(YOUR OBJECTIVE):
From the first line to the last, retype everything below exactly, minus the pictures.

(DATA EXCERPT):

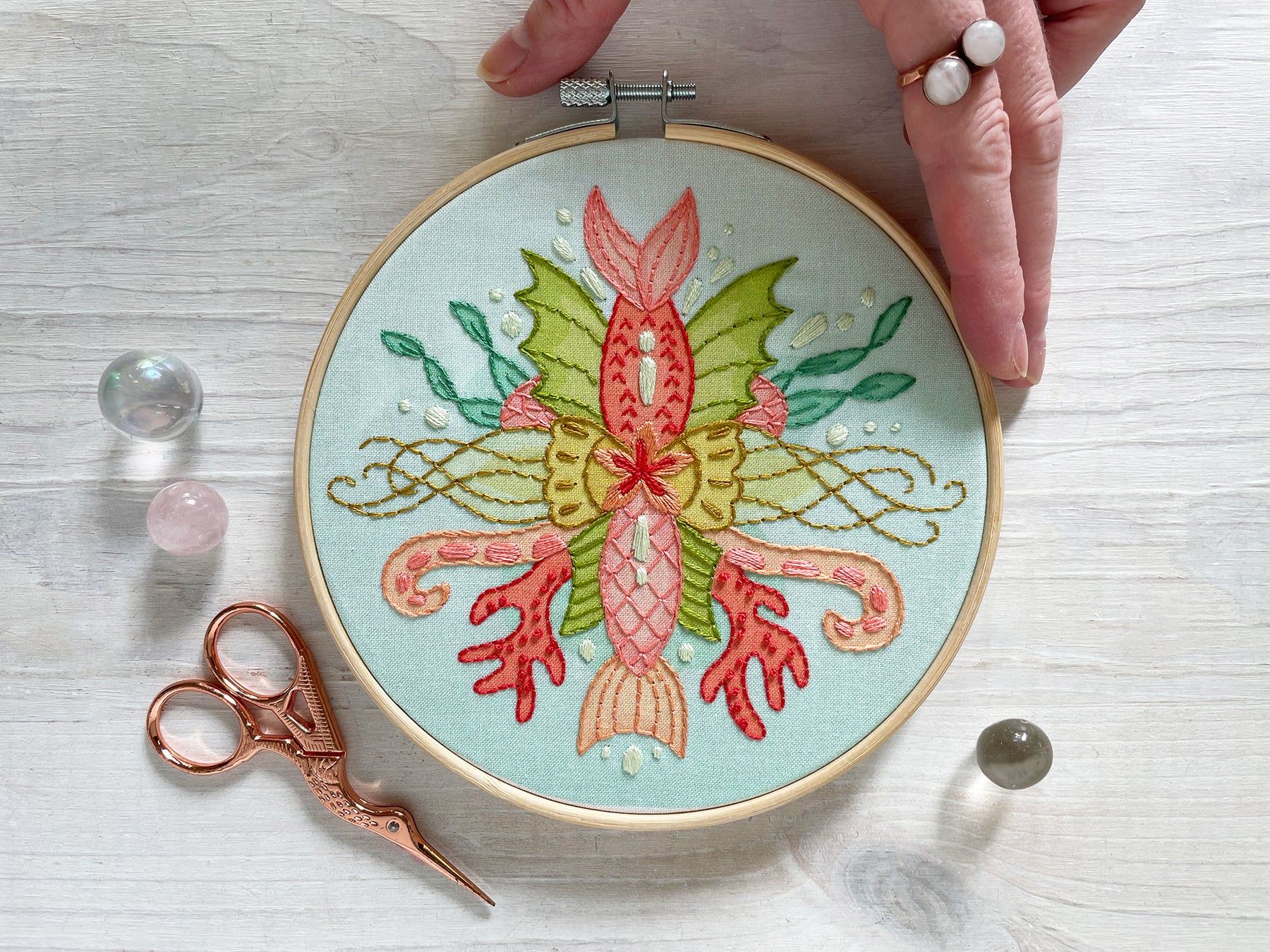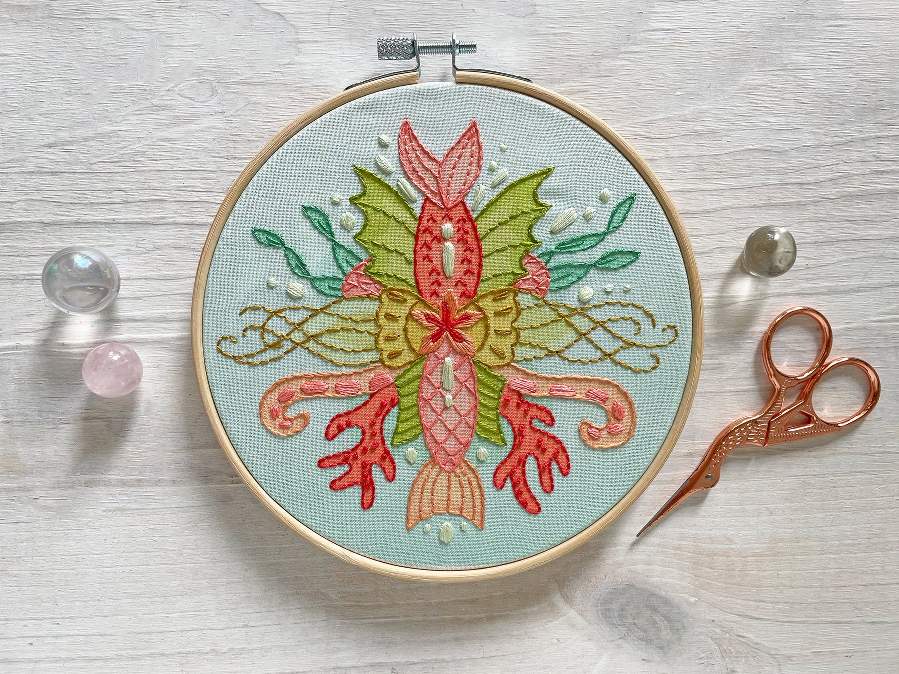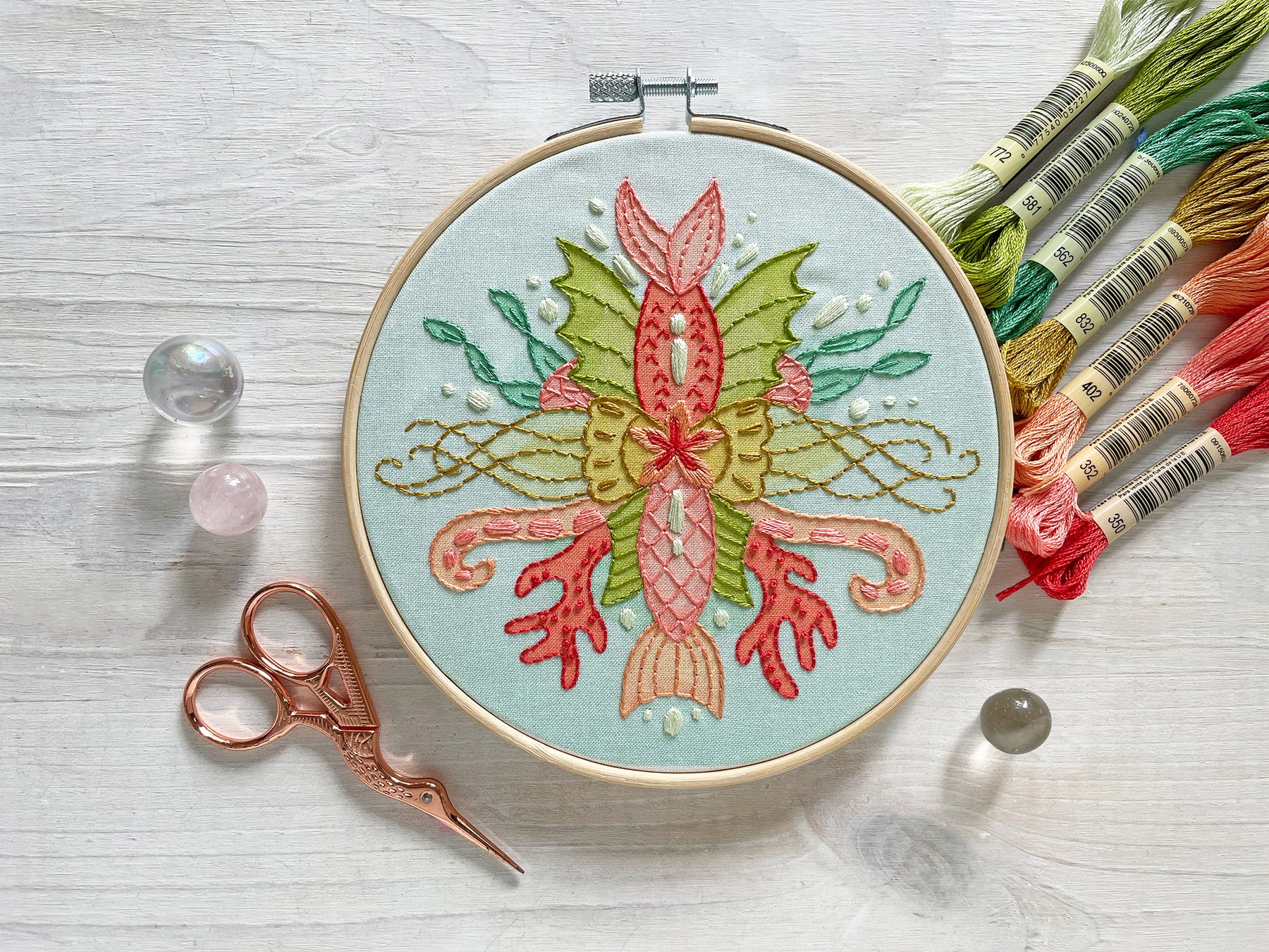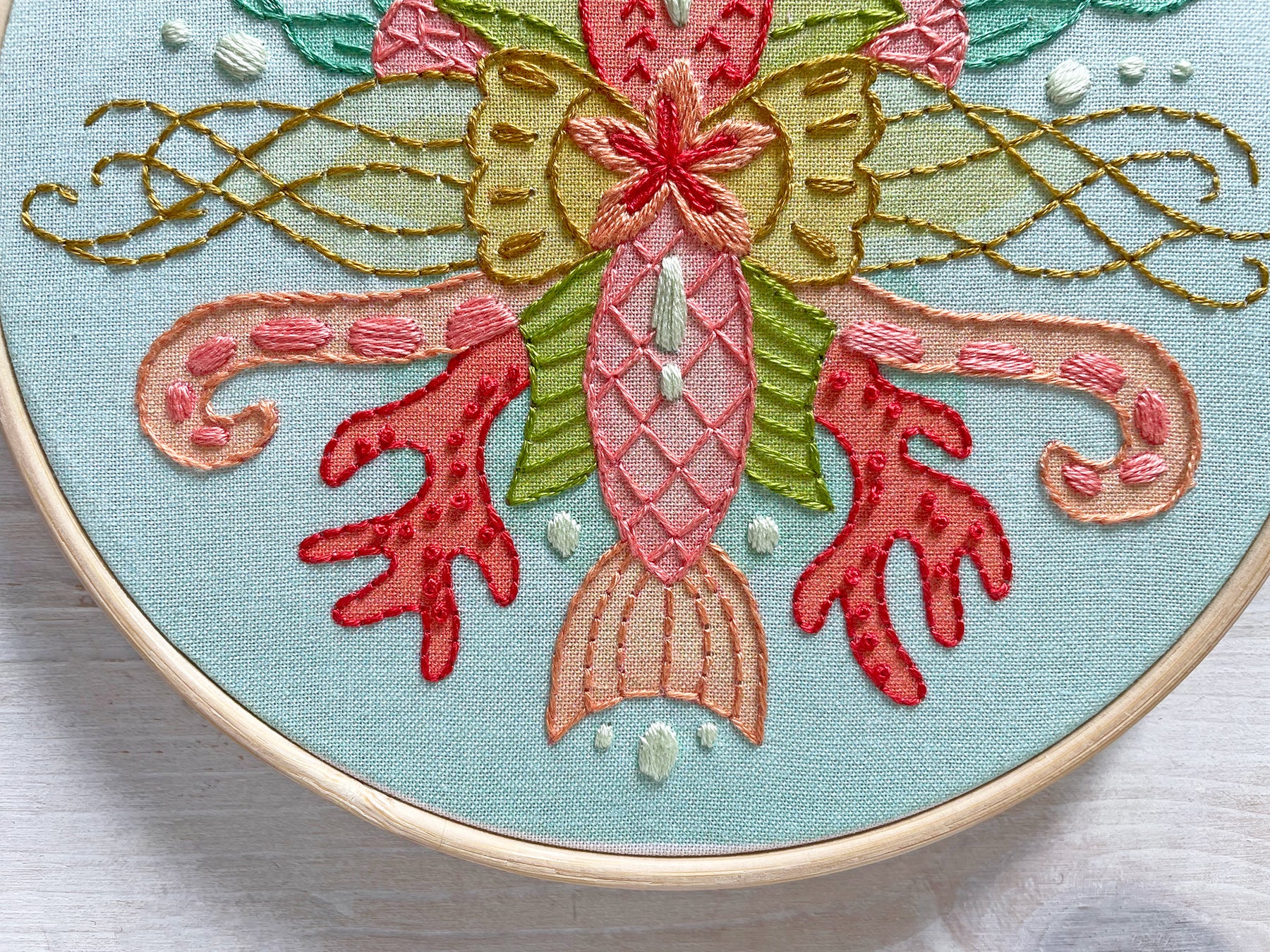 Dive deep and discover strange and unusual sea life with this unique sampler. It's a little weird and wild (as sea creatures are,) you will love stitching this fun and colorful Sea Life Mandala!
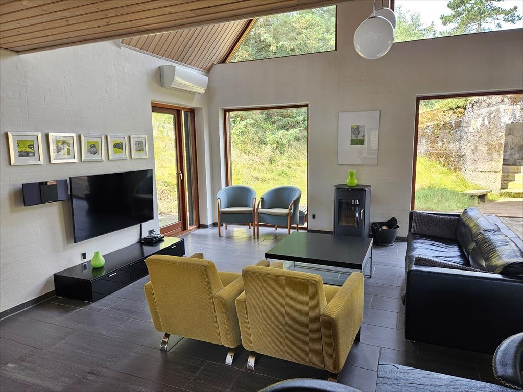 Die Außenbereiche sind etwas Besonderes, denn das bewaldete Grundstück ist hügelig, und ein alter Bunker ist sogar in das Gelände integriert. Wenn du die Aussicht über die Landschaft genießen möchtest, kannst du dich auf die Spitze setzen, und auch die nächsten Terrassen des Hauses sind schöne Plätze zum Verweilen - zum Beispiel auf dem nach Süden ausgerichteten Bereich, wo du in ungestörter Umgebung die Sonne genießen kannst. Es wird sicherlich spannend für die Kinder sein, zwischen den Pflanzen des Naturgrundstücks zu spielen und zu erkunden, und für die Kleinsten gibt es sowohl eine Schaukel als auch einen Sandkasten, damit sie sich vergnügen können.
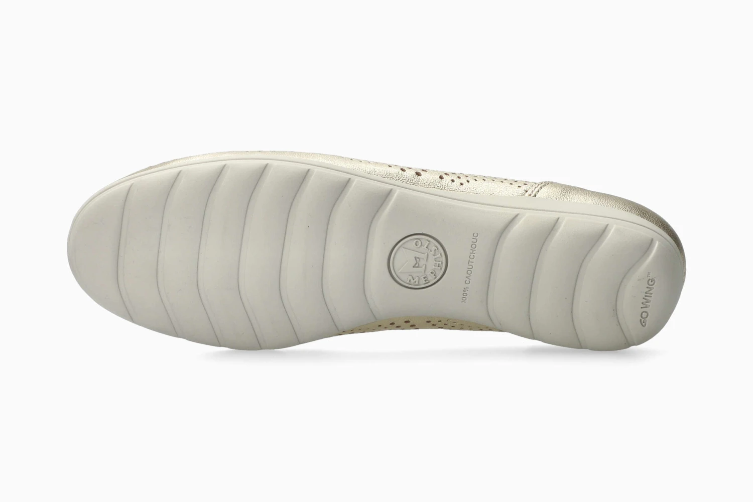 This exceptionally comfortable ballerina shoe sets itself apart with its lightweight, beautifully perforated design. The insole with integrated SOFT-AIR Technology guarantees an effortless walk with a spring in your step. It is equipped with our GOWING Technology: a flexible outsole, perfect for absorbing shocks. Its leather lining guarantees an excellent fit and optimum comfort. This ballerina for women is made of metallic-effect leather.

(ANSWER FOR THIS EXERCISE):
 Dive deep and discover strange and unusual sea life with this unique sampler. It's a little weird and wild (as sea creatures are,) you will love stitching this fun and colorful Sea Life Mandala!
 Die Außenbereiche sind etwas Besonderes, denn das bewaldete Grundstück ist hügelig, und ein alter Bunker ist sogar in das Gelände integriert. Wenn du die Aussicht über die Landschaft genießen möchtest, kannst du dich auf die Spitze setzen, und auch die nächsten Terrassen des Hauses sind schöne Plätze zum Verweilen - zum Beispiel auf dem nach Süden ausgerichteten Bereich, wo du in ungestörter Umgebung die Sonne genießen kannst. Es wird sicherlich spannend für die Kinder sein, zwischen den Pflanzen des Naturgrundstücks zu spielen und zu erkunden, und für die Kleinsten gibt es sowohl eine Schaukel als auch einen Sandkasten, damit sie sich vergnügen können.
 This exceptionally comfortable ballerina shoe sets itself apart with its lightweight, beautifully perforated design. The insole with integrated SOFT-AIR Technology guarantees an effortless walk with a spring in your step. It is equipped with our GOWING Technology: a flexible outsole, perfect for absorbing shocks. Its leather lining guarantees an excellent fit and optimum comfort. This ballerina for women is made of metallic-effect leather.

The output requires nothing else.